• Problem to solve: Two lines mark the range in the entries below: the one holding "Add a data field" and the one holding "1、甲方确定授权乙方在__经营旗下化妆品成为其合作商,使用本公司商标、标识等。". Set down those two and all lines between them, exactly.

• Available data:

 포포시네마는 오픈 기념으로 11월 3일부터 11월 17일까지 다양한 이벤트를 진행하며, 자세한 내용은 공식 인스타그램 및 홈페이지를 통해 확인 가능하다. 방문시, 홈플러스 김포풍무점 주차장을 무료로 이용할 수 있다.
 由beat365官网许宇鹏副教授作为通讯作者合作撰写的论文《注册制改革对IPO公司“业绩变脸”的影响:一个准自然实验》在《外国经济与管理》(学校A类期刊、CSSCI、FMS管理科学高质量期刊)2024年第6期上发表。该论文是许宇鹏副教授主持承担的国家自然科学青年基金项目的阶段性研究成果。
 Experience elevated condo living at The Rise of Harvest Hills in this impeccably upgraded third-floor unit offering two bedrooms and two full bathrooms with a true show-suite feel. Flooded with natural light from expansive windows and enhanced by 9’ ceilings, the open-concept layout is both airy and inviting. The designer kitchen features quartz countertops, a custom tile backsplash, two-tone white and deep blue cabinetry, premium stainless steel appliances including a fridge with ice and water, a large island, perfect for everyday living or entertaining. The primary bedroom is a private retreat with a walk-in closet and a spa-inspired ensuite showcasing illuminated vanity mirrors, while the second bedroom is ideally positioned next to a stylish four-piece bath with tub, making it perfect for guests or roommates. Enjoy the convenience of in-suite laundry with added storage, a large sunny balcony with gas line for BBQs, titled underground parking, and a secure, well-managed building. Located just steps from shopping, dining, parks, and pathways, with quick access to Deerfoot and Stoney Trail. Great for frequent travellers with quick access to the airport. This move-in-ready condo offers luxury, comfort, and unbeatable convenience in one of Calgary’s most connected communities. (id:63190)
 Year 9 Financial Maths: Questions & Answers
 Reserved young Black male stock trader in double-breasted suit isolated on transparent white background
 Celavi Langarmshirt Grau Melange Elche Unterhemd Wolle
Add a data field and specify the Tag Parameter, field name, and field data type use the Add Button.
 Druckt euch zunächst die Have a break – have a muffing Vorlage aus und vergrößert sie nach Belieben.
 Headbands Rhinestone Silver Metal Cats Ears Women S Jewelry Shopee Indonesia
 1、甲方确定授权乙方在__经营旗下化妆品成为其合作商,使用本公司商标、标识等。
--
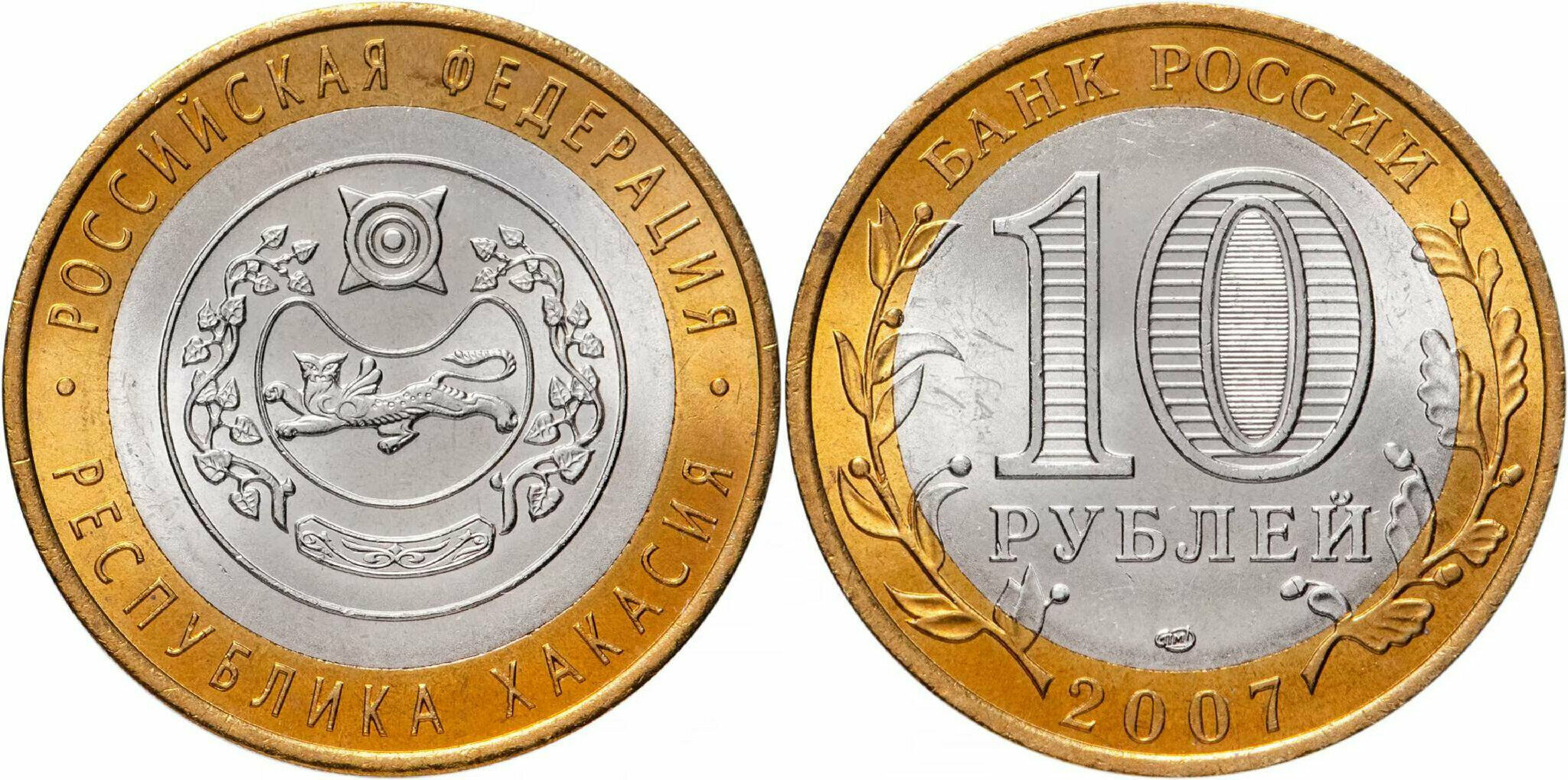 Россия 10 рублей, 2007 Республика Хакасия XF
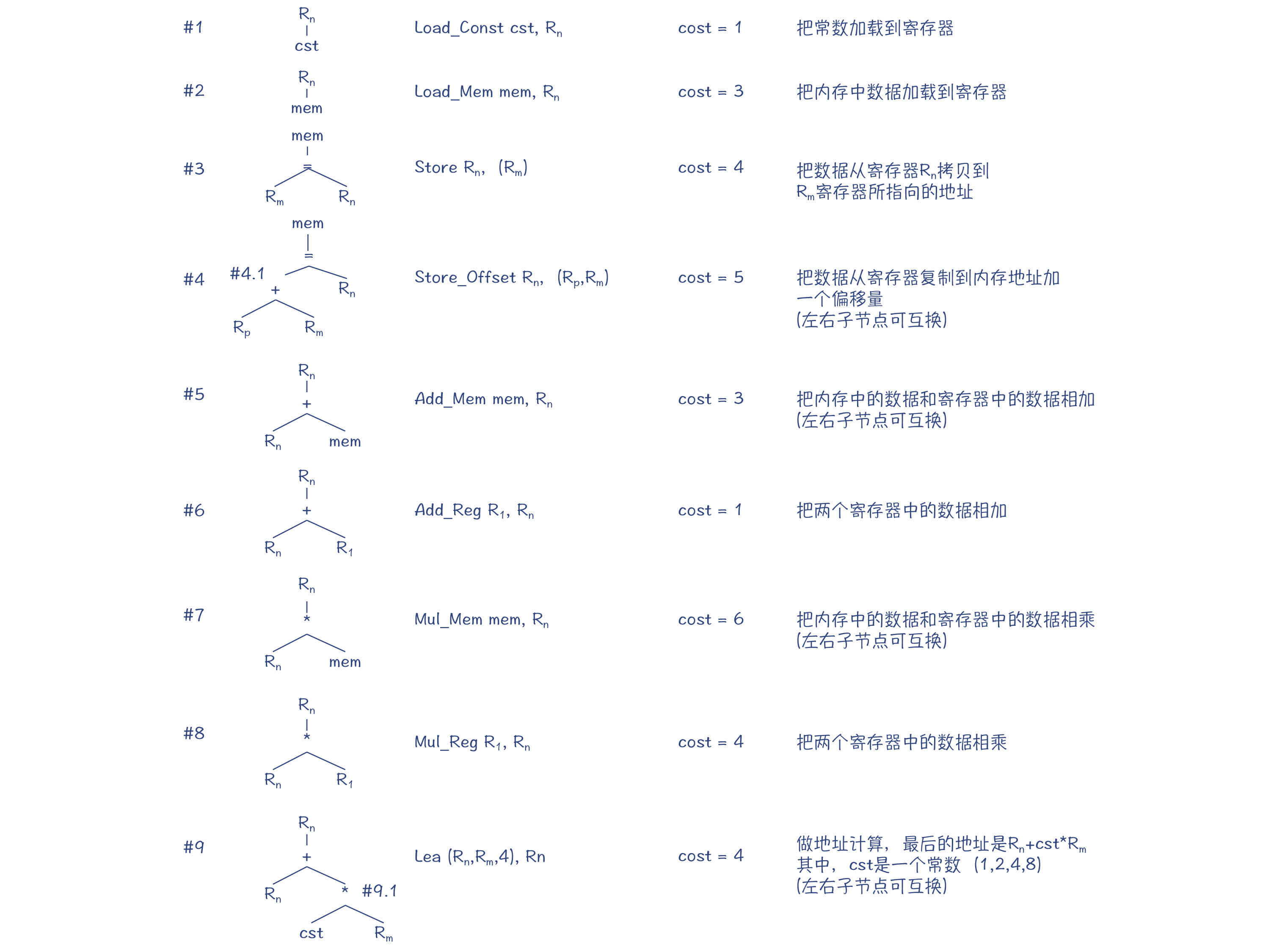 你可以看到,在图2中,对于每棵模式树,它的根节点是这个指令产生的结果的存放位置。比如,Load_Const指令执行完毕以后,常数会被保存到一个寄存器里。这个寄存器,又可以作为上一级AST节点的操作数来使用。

• Result for this exercise:
Add a data field and specify the Tag Parameter, field name, and field data type use the Add Button.
 Druckt euch zunächst die Have a break – have a muffing Vorlage aus und vergrößert sie nach Belieben.
 Headbands Rhinestone Silver Metal Cats Ears Women S Jewelry Shopee Indonesia
 1、甲方确定授权乙方在__经营旗下化妆品成为其合作商,使用本公司商标、标识等。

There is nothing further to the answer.